Neste complexo e volumoso processo que se arrasta há mais de uma
década nos tribunais, além de Ana Jorge são acusados de responsabilidade
financeira duas dezenas de ex-dirigentes e membros da ARSLVT, como Constantino
Sakellarides, que foi director-geral da Saúde. No total, o Ministério Público
reclama indemnizações no montante 60 milhões de euros, por considerar que os
ex-responsáveis da ARS autorizaram "despesas e pagamentos ilícitos e
danosos" à sociedade gestora do hospital, o primeiro com gestão privada em
Portugal (1995).
Quando tudo parecia resolvido - em Julho do ano passado o
vice-presidente do Tribunal de Contas (TC) absolveu o vasto lote de arguidos
alegando que este caso já tinha sido apreciado por um tribunal arbitral que
concluiu não ter havido prejuízos para o Estado e até o condenou, pelo
contrário, a pagar 43 milhões de euros à sociedade gestora-, dois
juizes-conselheiros do mesmo tribunal consideraram agora que só o TC tem
competência para apreciar a complexa situação.
Não unânime (um juiz-conselheiro votou contra), a decisão surge
na sequência do recurso apresentado pelo Ministério Público (MP), como ontem
noticiou o semanário Sol.
O procurador António Cluny invocou a inconstitucionalidade da argumentação da
primeira sentença, em que defendendia que a decisão do tribunal arbitral fazia
jurisprudência. Cluny contrapôs que um "órgão supremo de fiscalização da
legalidade das despesas públicas" não pode "ficar condicionado pela
decisão de um tribunal arbitral". Deram-lhe razão e agora volta tudo à
estaca zero. Como a primeira sentença não produziu efeito, o caso deve ser
julgado.
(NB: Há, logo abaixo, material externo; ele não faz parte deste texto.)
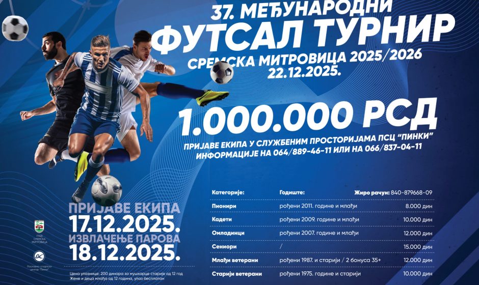 Sremska Mitrovica će i ove zime biti centar regionalnog futsala — 37. Međunarodni futsal turnir 2025/26 počinje 22. decembra, dok su prijave ekipa otvorene do 17. decembra 2025. Izvlačenje grupa zakazano je za 18. decembar.

Mas advogado de Ana Jorge, João Correia, estuda ainda a hipótese de
recorrer. "Há quem defenda que o acórdão é passível de recurso e quem
defenda que não", explica.
Ana Jorge, que quando era ministra fez regressar o hospital à
esfera de gestão pública em 2009, não compreende a insistência do MP, depois de
não um mas dois tribunais arbitrais terem decidido que o Estado não tinha sido
lesado, "pelo contrário". O Estado foi condenado por um primeiro
tribunal arbitral a pagar à sociedade gestora do hospital 43 milhões de euros,
em 2003, e, por outro tribunal arbitral, a 18 milhões de euros, em 2012. Mas os
actuais responsáveis da ARSLVT ainda vão tentar anular esta segunda decisão,
sabe o PÚBLICO (ver caixa).
"Querem fazer disto um exemplo. Só cumprimos o que estava
estabelecido, tivemos de executar o contrato de gestão firmado por Paulo Mendo
[ministro da Saúde de Cavaco Silva]. Nós só fazíamos propostas de pagamento aos
ministros da altura", sublinha Ana Jorge, que recorda que o contrato foi
validado pelo próprio TC. O processo, que atravessou o consulado de vários ministros
da Saúde, não tem assim fim à vista. A acção de responsabilidade financeira foi
desencadeada por uma auditoria da Inspecção-Geral de Finanças em 2002, que
acabou por ser posta em causa pelo primeiro tribunal arbitral. Os inquéritos
instaurados pela Inspecção-Geral da Saúde e pelo DIAP de Lisboa foram
entretanto arquivados.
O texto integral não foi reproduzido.